Now at that time, I did not understand exactly why Hugo was so much better musically - how did that quality of connecting to the music work technically? And why is it poor quality recordings sound so good musically? It does not make rational sense, as normally better transparency equates to poor sound for bad recordings.
This takes me back to last year, where I attended a Hi-Fi show in Poland. Chord's distributor has a very interesting segment, where they play back original Beatles master tapes on an analogue reel to reel. These master tapes were used to make the Beatles pressings in Eastern Europe.
And when they play them back, they sound awful. Flat. Noisy. Distorted. Stereo that is left right or center. Bright.
But...
When you ignore the audiophile things that are wrong you hear things that are very right. Notes that start and stop correctly. Timbre variations. Instruments that sound solid with power. Bass where you can follow the tune.
In short, its very musical and engaging, in spite of the audiophile things that are (seriously) wrong - but this does not detract from the music. And each instrument, even though its noisy and distorted sounds - real.
So how does this get back to digital? Digital is a mincing/reconstituting machine. It takes analogue in on the ADC, samples it, then the DAC recovers the original analogue waveform that was in the ADC and reproduces it.

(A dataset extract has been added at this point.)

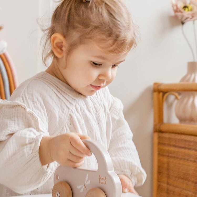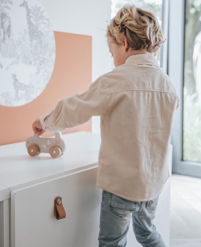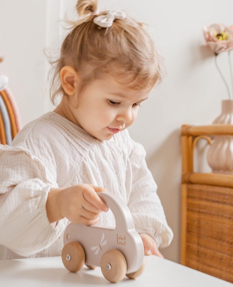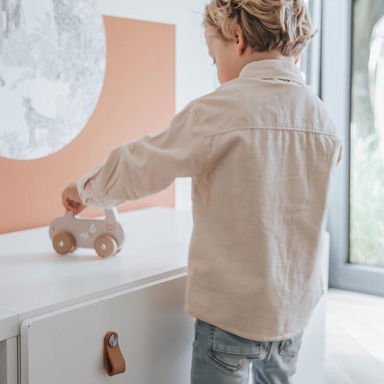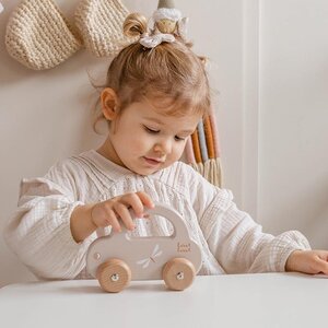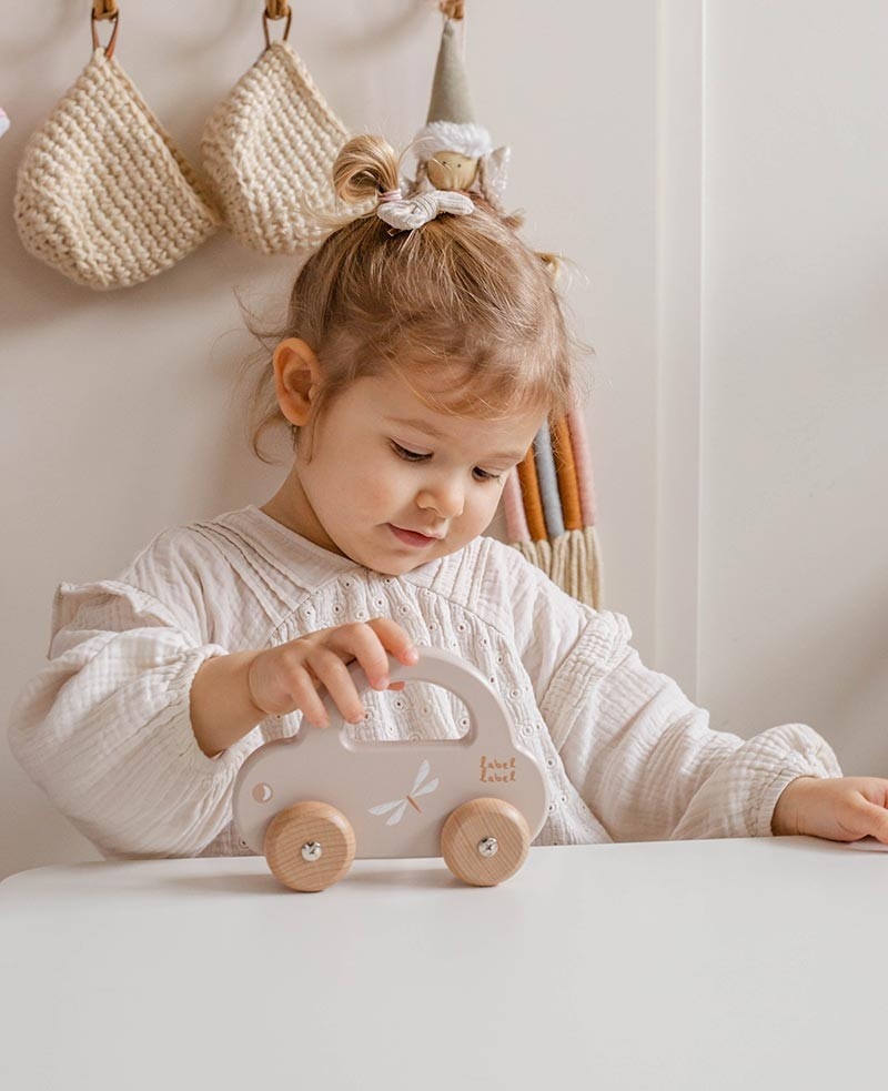 Peuters nemen de auto makkelijk vast aan het handvat om de auto te laten rijden of hem mee te nemen naar waar die maar wil. Het gestroomlijnde design van de auto, de zachte kleuren in combinatie met natuurlijk houten wielen zijn perfect om je peuter zijn motorische ontwikkeling te stimuleren.
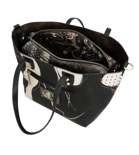 Mala de Ombro Média “Shoen” – Anekke – Esta bolsa grande preta é um perfeito 2 em 1, o que lhe permitirá usá-la todos os dias como preferir. O exterior é uma grande sacola de compras, cujo interior inclui uma sacola removível. O shopper tem duas alças, mas você também pode adicionar uma alça ajustável de diferentes comprimentos. Você também pode adicionar esta bolsa de ombro à bolsa que serve de forro interno, assim você terá 2 bolsas em 1 além disso interior da bolsa é forrado.

So it's like a mincemeat machine, where you take prime mature fillet beef, and mince it (samples the signal). Then the DAC comes along and reconstitutes it and returns prime fillet beef (recovers the original analogue signal). Now in principle, what should come out with an ideal ADC and DAC is perfectly reconstituted fillet beef - indistinguishable from the original. But the reality is it comes out like meat that your dog would not eat - but maybe your kids would. And the reason for this is that the ear/brain is incredibly sensitive to minute changes in the re-constituted (interpolated) waveform.
Now when Hugo first came out, I had no idea where this SQ improvement was coming from technically - being able to hear the starting and stopping and notes, being able to reproduce timbre properly, and getting the sense of instrument power correctly - and these aspects are crucial for getting musicality right. And at the time, I didn't care too much, as I had hit the maximum constraints of the FPGA. But I needed to understand it, as this allows for true progress. And with the Dave program, I did indeed manage to find out how and why the qualities I heard were happening in purely technical terms. In a simple nutshell, I had seriously under estimated how sensitive the ear/brain is to the timing errors that occur when a DAC reconstitutes the original analogue signal; and it seems that any difference from the original, no matter how small is extremely significant musically.
Now with Hugo 2 I have an FPGA that is about 5 times more powerful, together with all the knowledge gained from Dave; and for me it gets me much closer to the original master tape. Because the mincemeat/reconstitution is much more accurate, you do indeed get the best of both worlds - more transparency, but with the ability to connect to the musical soul even with poor quality recordings. So Hugo 2 in my opinion - and we all have different sensitivities so you will have to judge by listening for yourself - gets much closer to the original master tape sound, and so I do indeed enjoy older recordings more. That's the quality I found so musically appealing on the Beatles master tapes, in spite of objectively poor sound quality.
I was listening to a 1930's mono recording this morning on a Dave and M scaler - and yes it sounded distorted, and very noisy - but - it sounded like a real piano nonetheless. Something that conventional digital, because of the poor reconstitution, absolutely fails to do.